About html ner extraction

Hi Everyone.
I saw the topics about ner on html Using ner.manual on HTML Input and want to know if exists some update about how to do ner on raw html

If not, would be an option replace the < > chars by some token like @@ and annotate like raw (and ugly) text?


I guess Ines' original questions from that thread are still valid:

If you pass in "<strong>hello</strong>", there’s no clear solution for how this should be handled. How should it be tokenized, and what are you really labelling here? The underlying markup or just the text, and what should the character offsets point to? And how should other markup be handled, e.g. images or complex, nested tags?

with all the tags and weird characters inbetween, it seems like any ML model will have a hard time recognizing anything?

Is it not an option to preprocess your files to clean text first?
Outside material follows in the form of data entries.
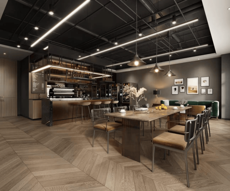 其中最大的特色,在每层设有功能区域,例如健身房,瑜伽室,早餐烘焙,自助迷你咖啡吧,儿童活动室,空中花园等等一系列的设施配套。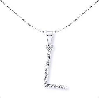 Jewelco London 9ct White Gold Diamond Initial Charm Pendant Letter L 7mm x 18mm
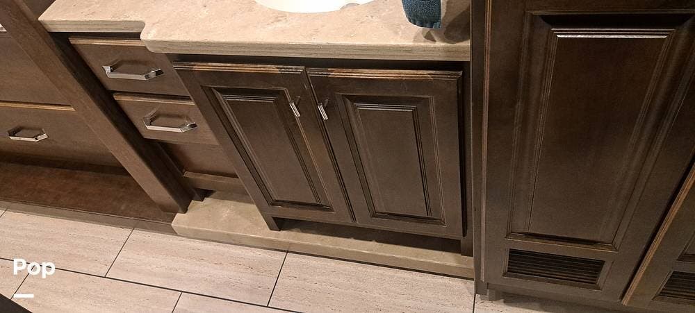 Step inside and you're immediately surrounded by warmth -- real hardwood cabinetry, plush seating, and tasteful design touches that give the entire space a welcoming, residential feel. It's more than just a cabin on wheels--it's a place to unwind, entertain, and make memories.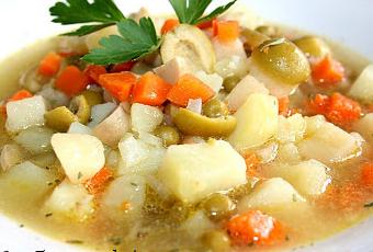 Ingredientes: Patatas Zanahorias Champiñones aceitunas cebolla ajo puerro guisantes judias verdes sal aceite de oliva caldo de verdura (1000 ml) vino blanco (150 ml) 2 hojas de laurel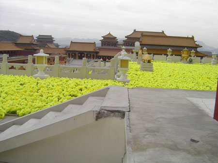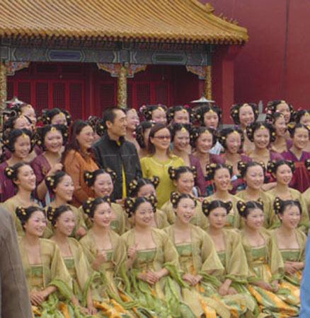 中新网5月19日电 张艺谋每一部片子都令人关注,海峡都市报消息,近日,记者加入《黄金甲》探班大军,一次偶然的机会走进片场,为读者献上《黄金甲》横店片场主创人员的第一张曝光照:宫女丛中张艺谋。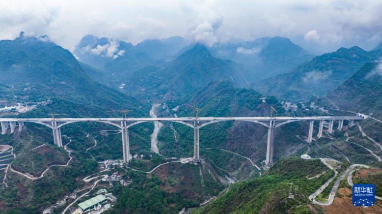 这是顺利实现合龙的纳晴高速六枝特大桥(5月15日摄,无人机照片)。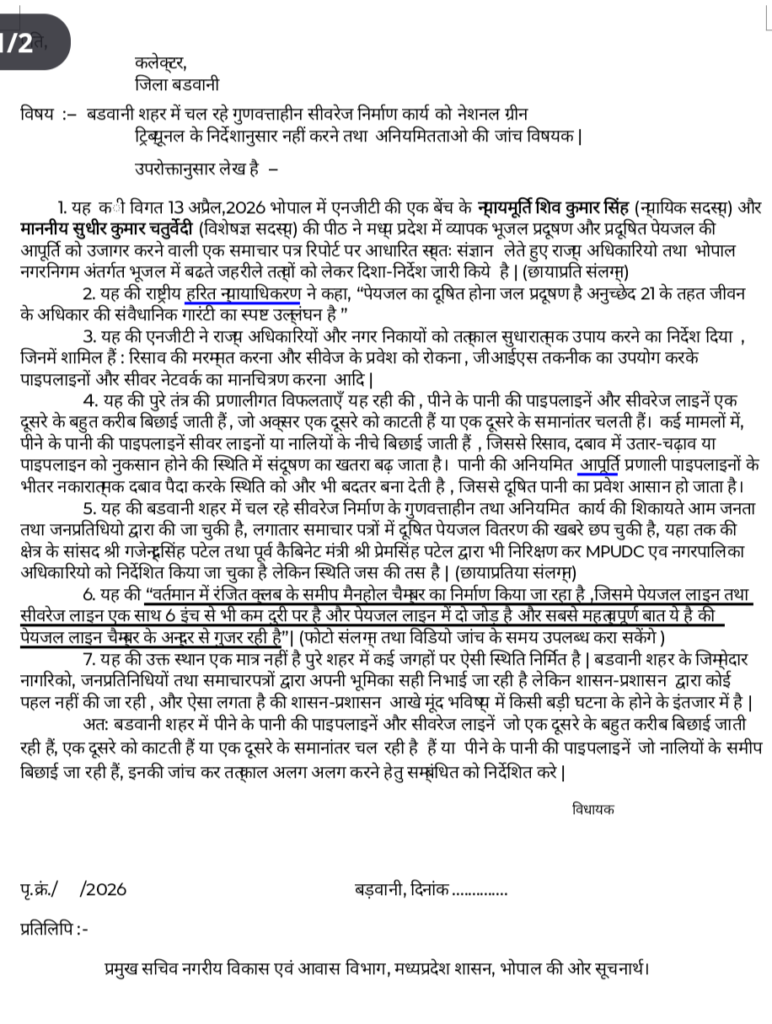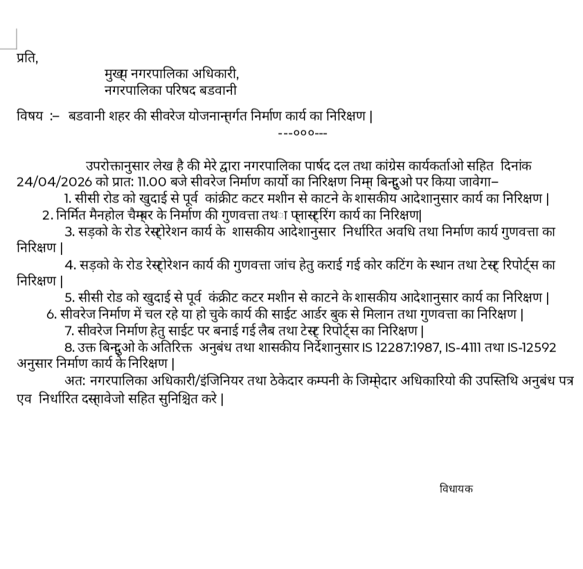 कल सुबह 11 बजे होगा बड़ा निरीक्षण: विधायक ने नगर पालिका परिषद बड़वानी को भी पत्र लिखकर निर्देश दिए हैं कि दिनांक 24 अप्रैल 2026 को प्रातः 11:00 बजे सिवरेज निर्माण कार्यों का संयुक्त निरीक्षण किया जाएगा।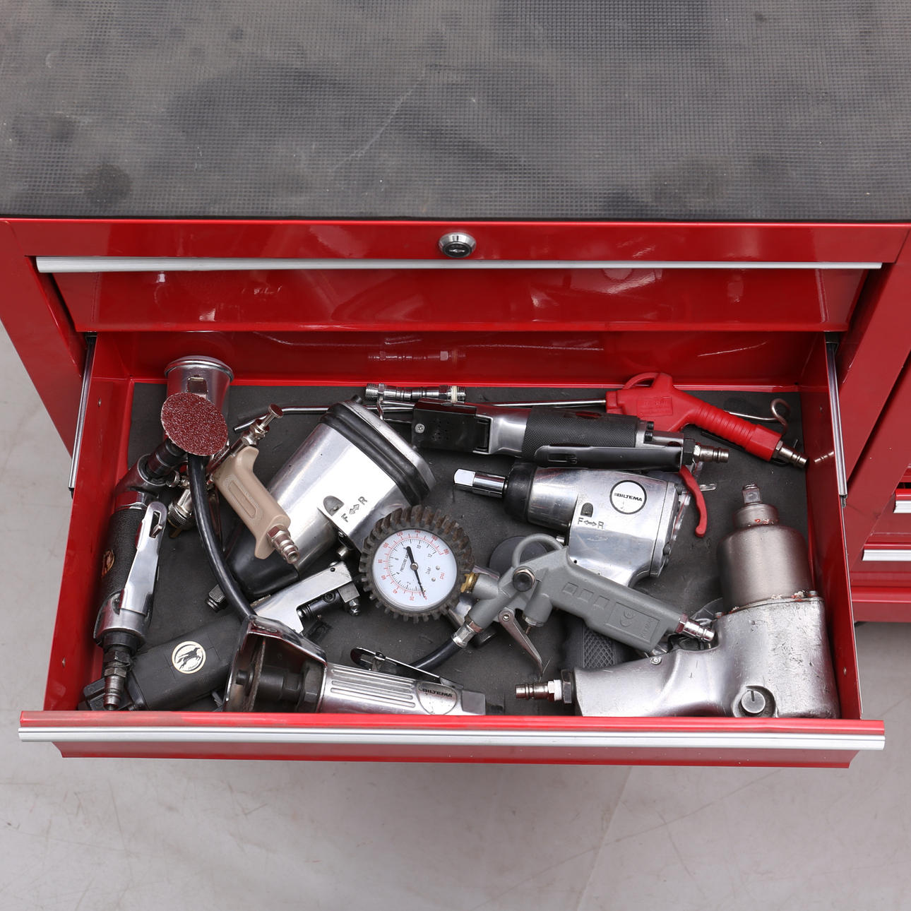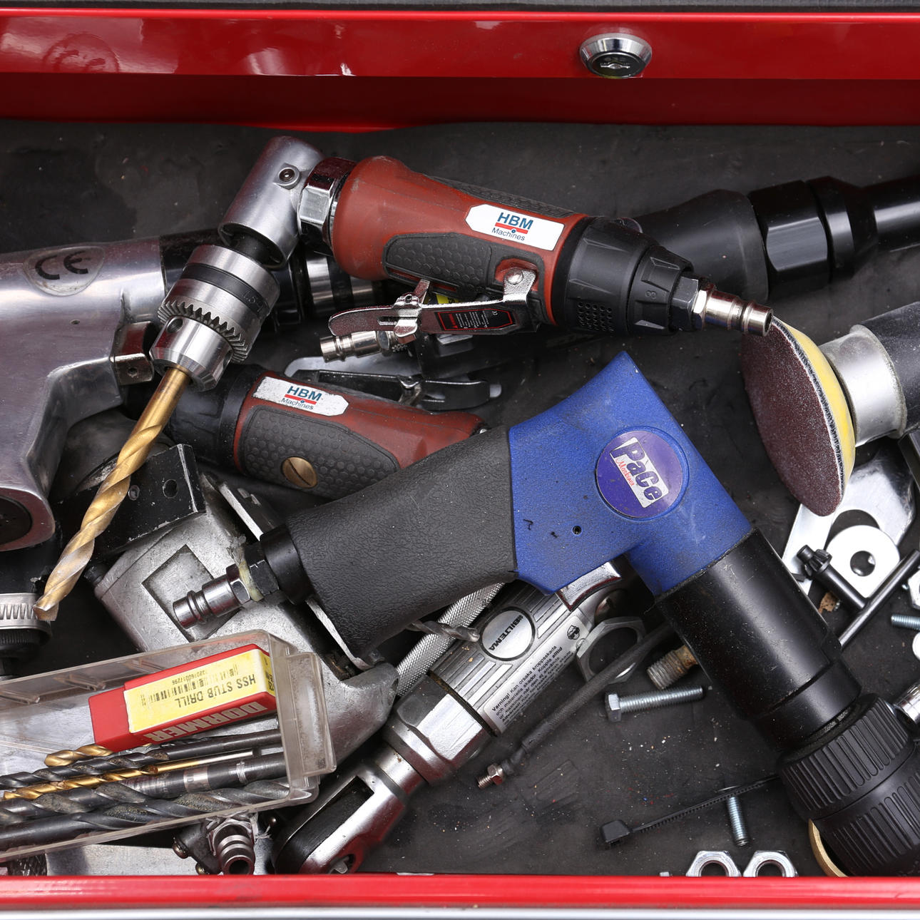 Innehåller diverse verktyg mm, bla tryckluftsverktyg, centreringsverktyg samt hammare.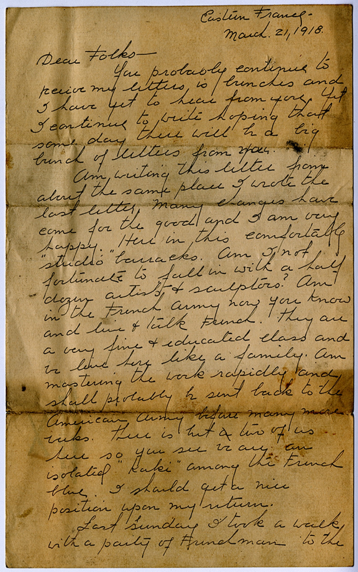 Eastern France March 21, 1918. Dear Folks – You probably continue to receive my letters in bunches and I have yet to hear from you. Yet I continue to write hoping that some day there will be a big bunch of letters from you. Am writing this letter from about the same place I wrote the last letter, many changes have come for the good and I am very happy. Here in the comfortable “studio” barracks. Am I not fortunate to fall in with a half dozen artists & sculptors? Am in the French Army now you know and live & talk French. They are a very fine & educated class and we live here like a family. Am mastering the work rapidly and shall probably be sent back to the American Army before many more weeks, There is but two of us here so you see we are an isolated “kaki” among the French blue. I should get a nice position upon my return. Last Sunday I took a walk with a party of Frenchman to the

The tagging should include the "< -strong >text</-strong >"

The reason to not clear the html tags is because the tag matters
H4 is different result than h1

Is ok to clean < and >

More clear the needs now?

You can try and include that, or strip out all HTML except for some tags you care about, so your headlines end up looking like h4 Some subheadline if you want to reflect the headline weight in your input data – however, I'm really not sure how useful this will be, especially not for NER. The model has a pretty narrow context window on either side, so it mostly won't be able to take the signal from those tags into account when making its predictions.

It sounds like what you're really looking for is a way to include information about the formatting as features in your model. But this needs some experimentation and a custom implementation – and you probably want to strip this information out of the text and attach it to the tokens, instead of including the markup directly.